Data excerpts -

*-*-*

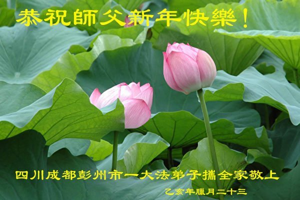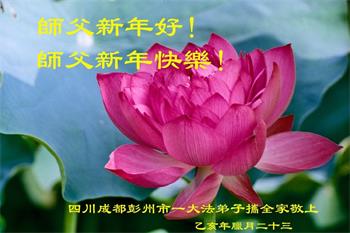 四川省成都市彭州市一大法弟子携全家恭祝师父新年快乐!
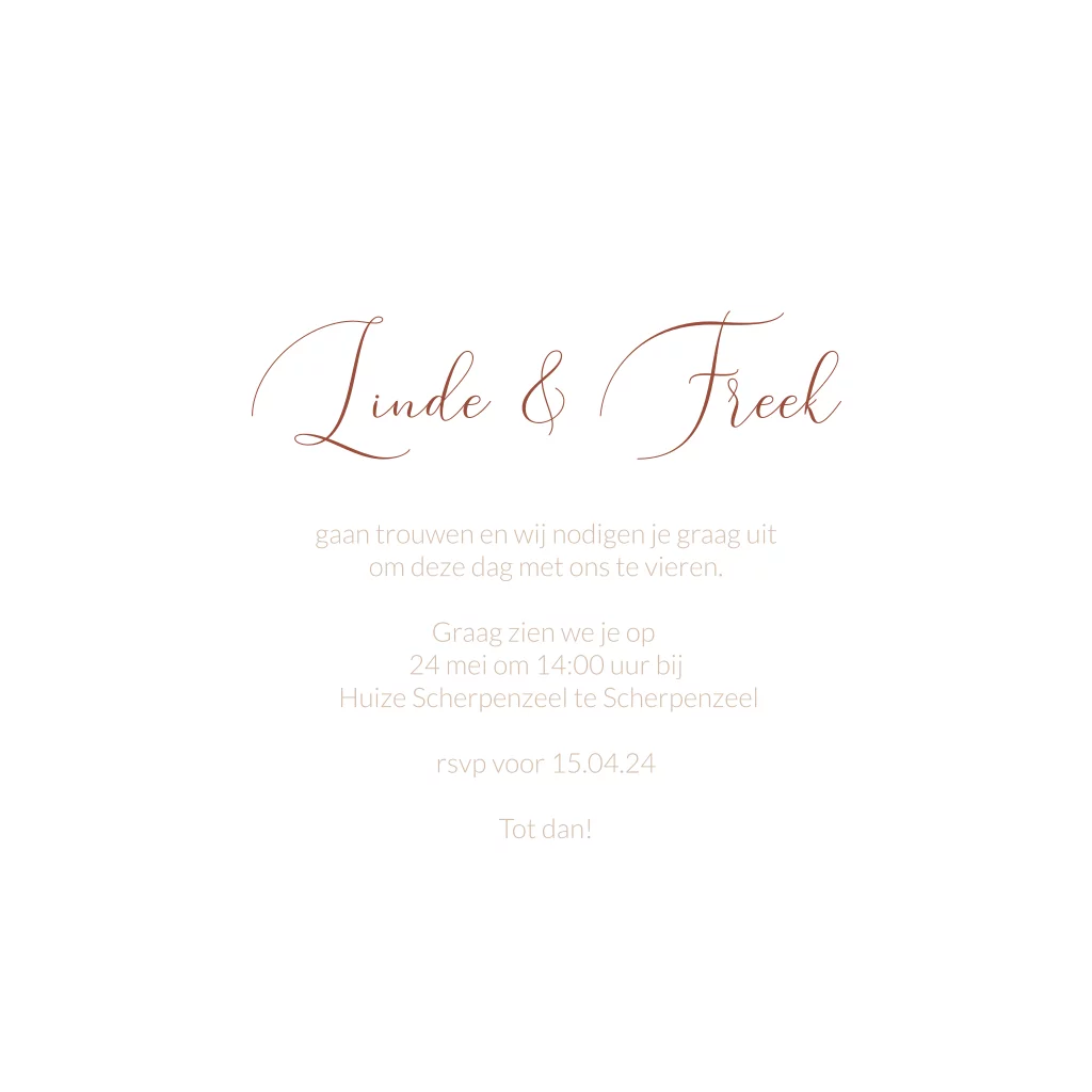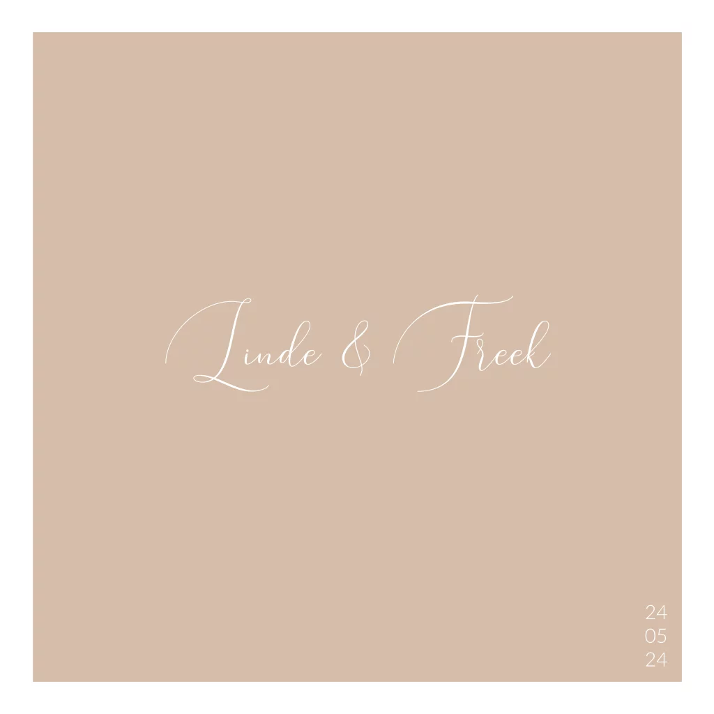 Nodig je gasten uit met deze prachtige minimalistische trouwkaart in zand kleur. De voorbeeldnamen Linde en Freek zijn in een kalligrafisch lettertype aangebracht. Je kunt de kaart helemaal naar wens aanpassen. Foto binnenzijde: KenT Fotografie.
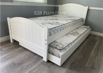 Full Twin White Trundle Bed With Ortho Mattress Included!!$479Long Beach, CA
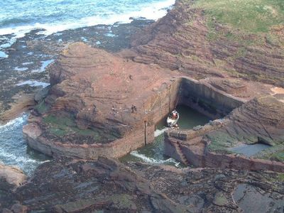 The estate contains a harbor carved directly into rock in 1890, measuring only three meters across, making it among Scotland's smallest ports.
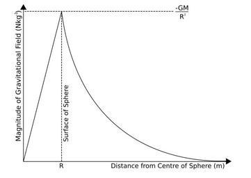 Keywords: Grav field sphere.svg en Graph of gravitational field around and inside a spherical mass against distance from the centre of the mass Own Sjlegg 2009-04-23 Gravitation
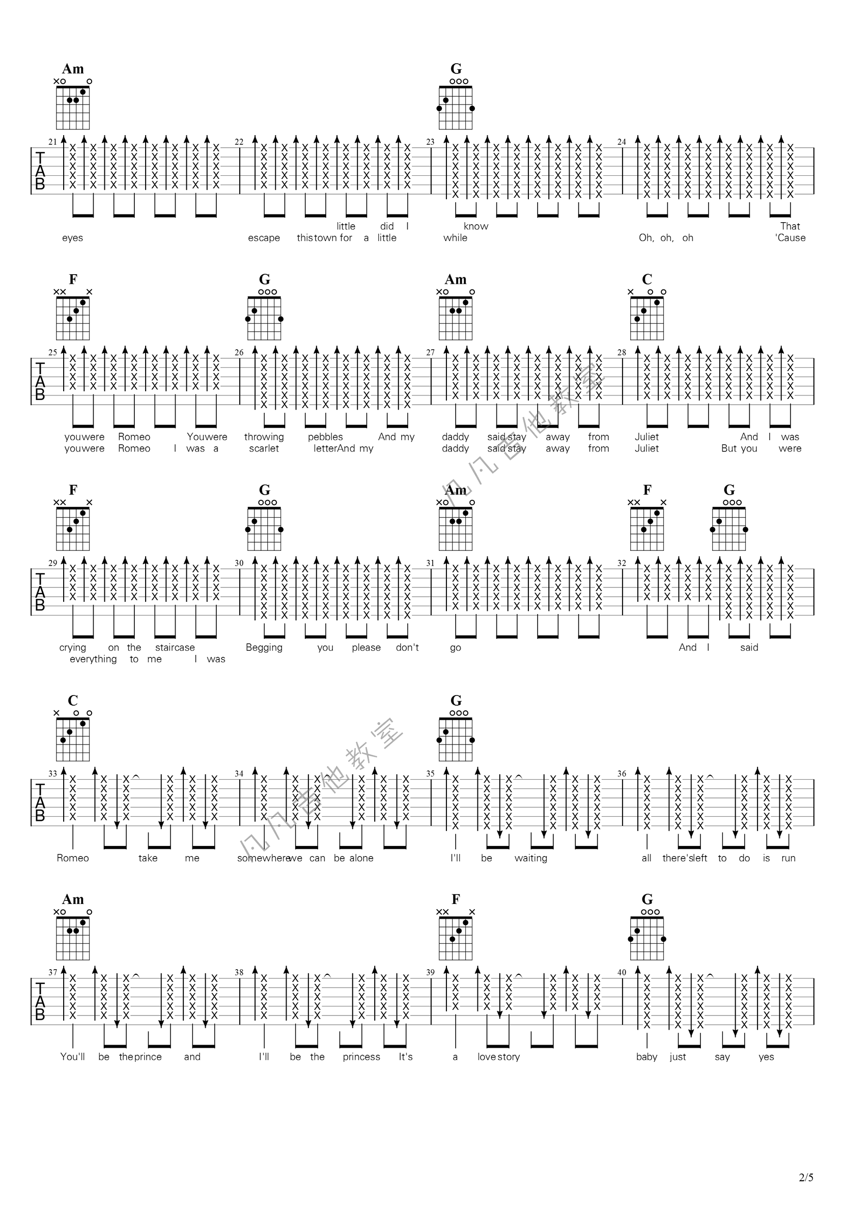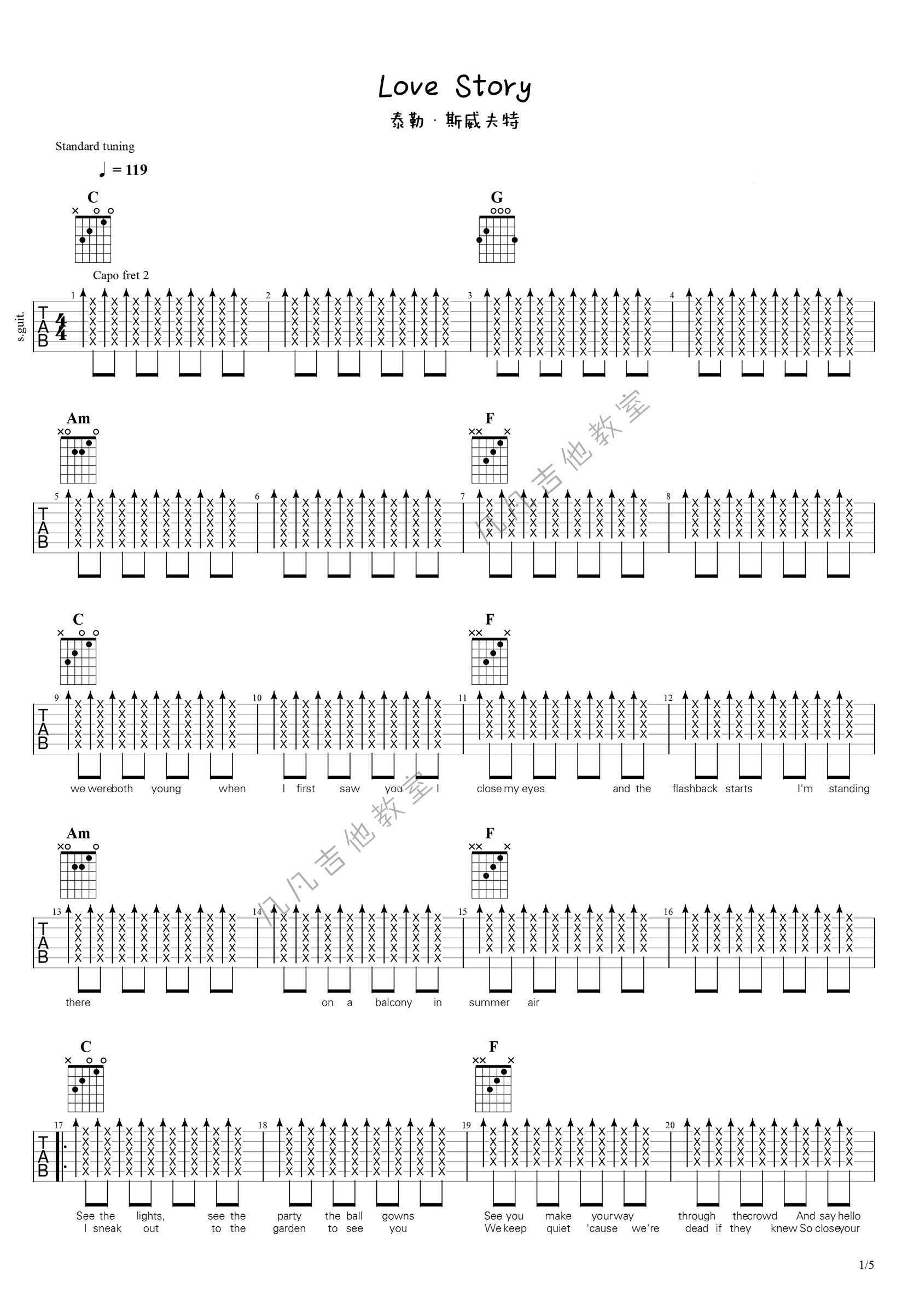 Taylor Swift演唱的经典乡村民谣《Love Story》的吉他谱包含完整的高清六线谱,以及闷音扫弦编配。附带演示视频,琴友们可跟随示范进行练习。谱中需注意两个难点,一是英文连读,二是歌曲的节奏。学习者需逐句梳理连读和掌握歌曲的韵律,尤其在长句部分,借
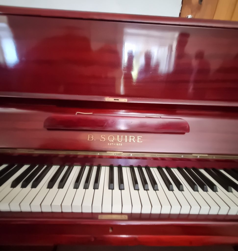 The JAE 120 B. Squire Upright Pianoforte with matching stool is currently hired out.
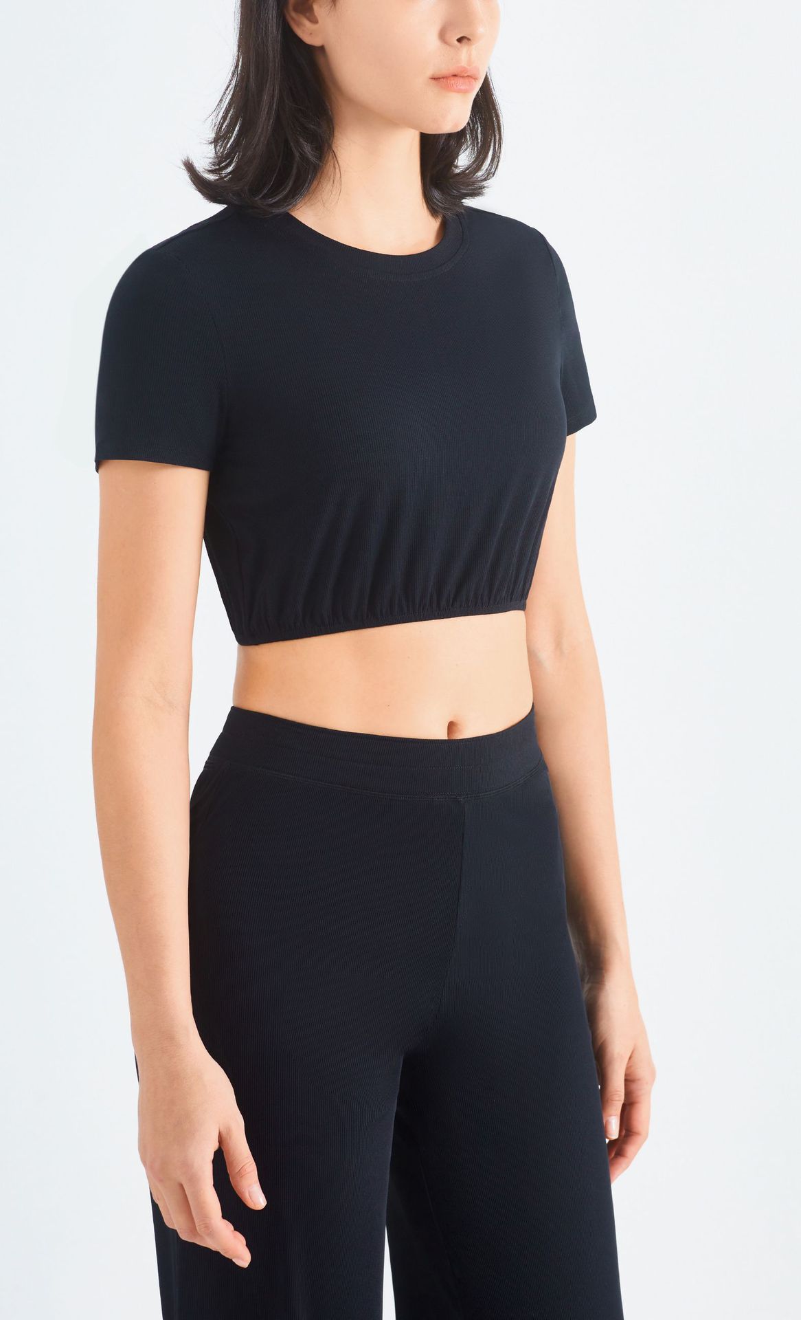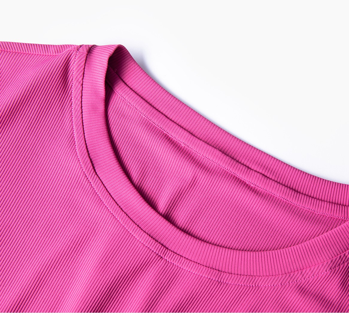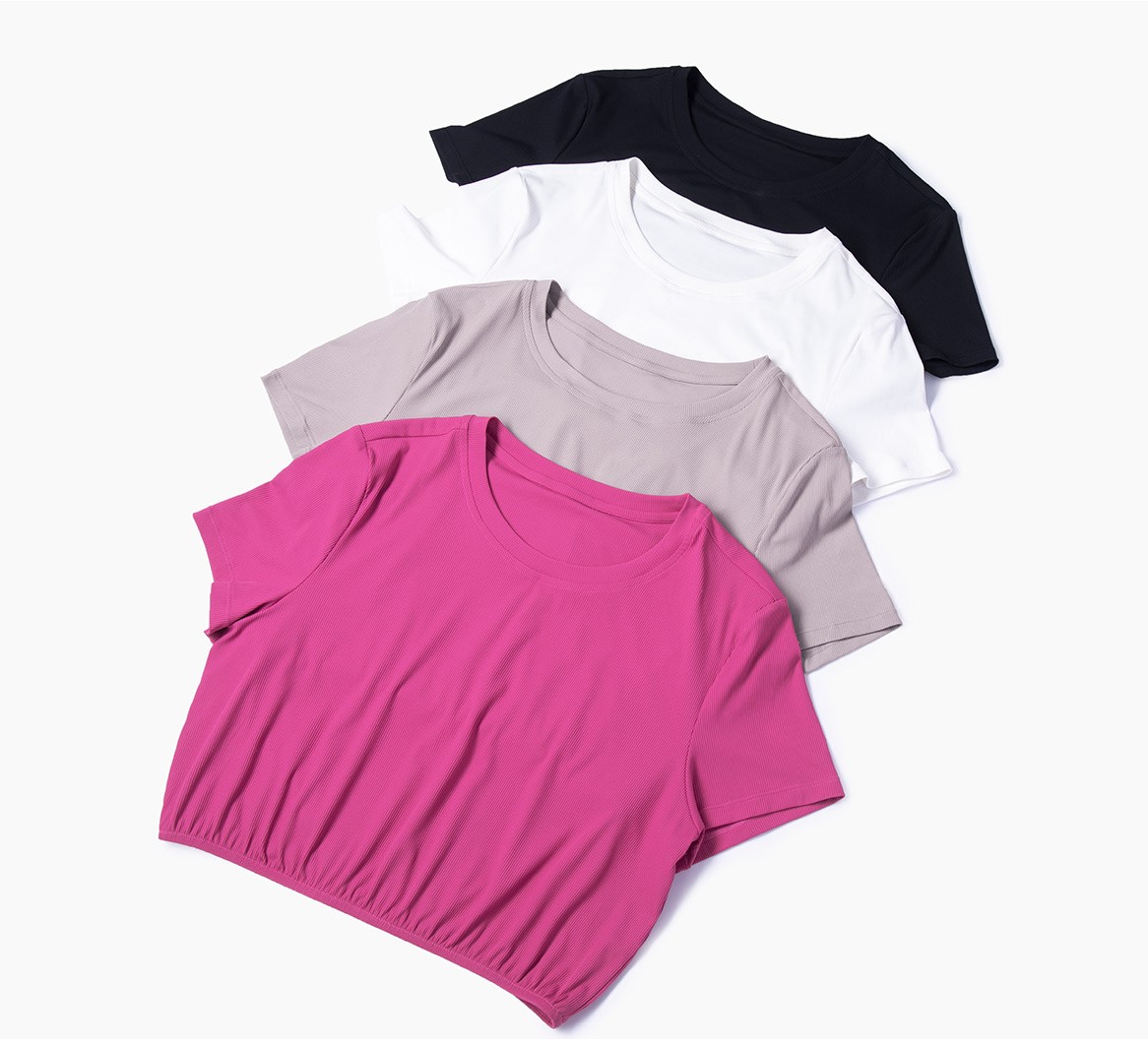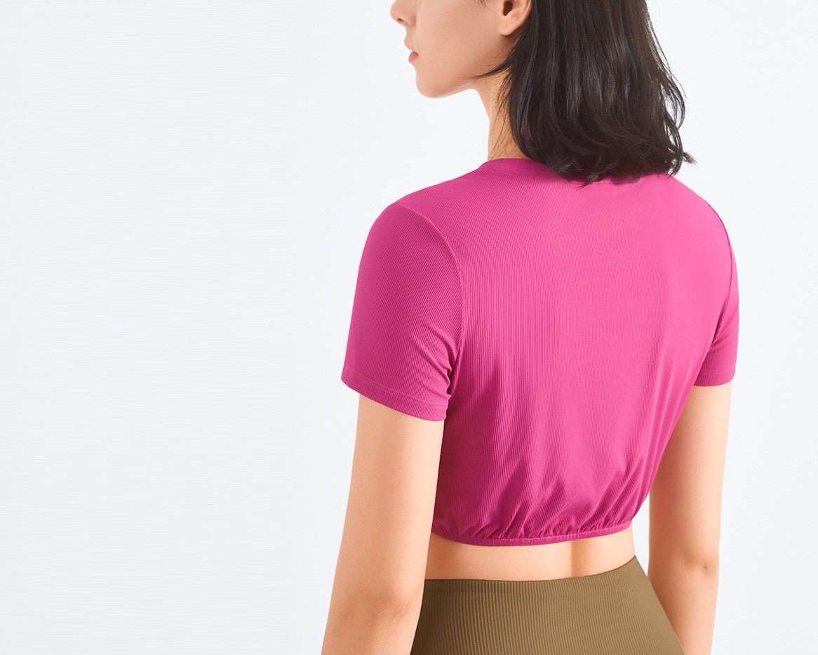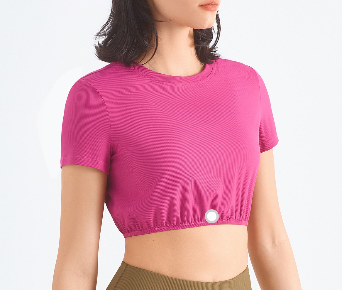Women rib crop short sleeve t-shirts round neck quick dry corset hem workout running yoga tshirts

*-*-*

Your instructions - Leave the images out as you retype each line of the material exactly.

Task output -
 四川省成都市彭州市一大法弟子携全家恭祝师父新年快乐!
 Nodig je gasten uit met deze prachtige minimalistische trouwkaart in zand kleur. De voorbeeldnamen Linde en Freek zijn in een kalligrafisch lettertype aangebracht. Je kunt de kaart helemaal naar wens aanpassen. Foto binnenzijde: KenT Fotografie.
 Full Twin White Trundle Bed With Ortho Mattress Included!!$479Long Beach, CA
 The estate contains a harbor carved directly into rock in 1890, measuring only three meters across, making it among Scotland's smallest ports.
 Keywords: Grav field sphere.svg en Graph of gravitational field around and inside a spherical mass against distance from the centre of the mass Own Sjlegg 2009-04-23 Gravitation
 Taylor Swift演唱的经典乡村民谣《Love Story》的吉他谱包含完整的高清六线谱,以及闷音扫弦编配。附带演示视频,琴友们可跟随示范进行练习。谱中需注意两个难点,一是英文连读,二是歌曲的节奏。学习者需逐句梳理连读和掌握歌曲的韵律,尤其在长句部分,借
 The JAE 120 B. Squire Upright Pianoforte with matching stool is currently hired out.
Women rib crop short sleeve t-shirts round neck quick dry corset hem workout running yoga tshirts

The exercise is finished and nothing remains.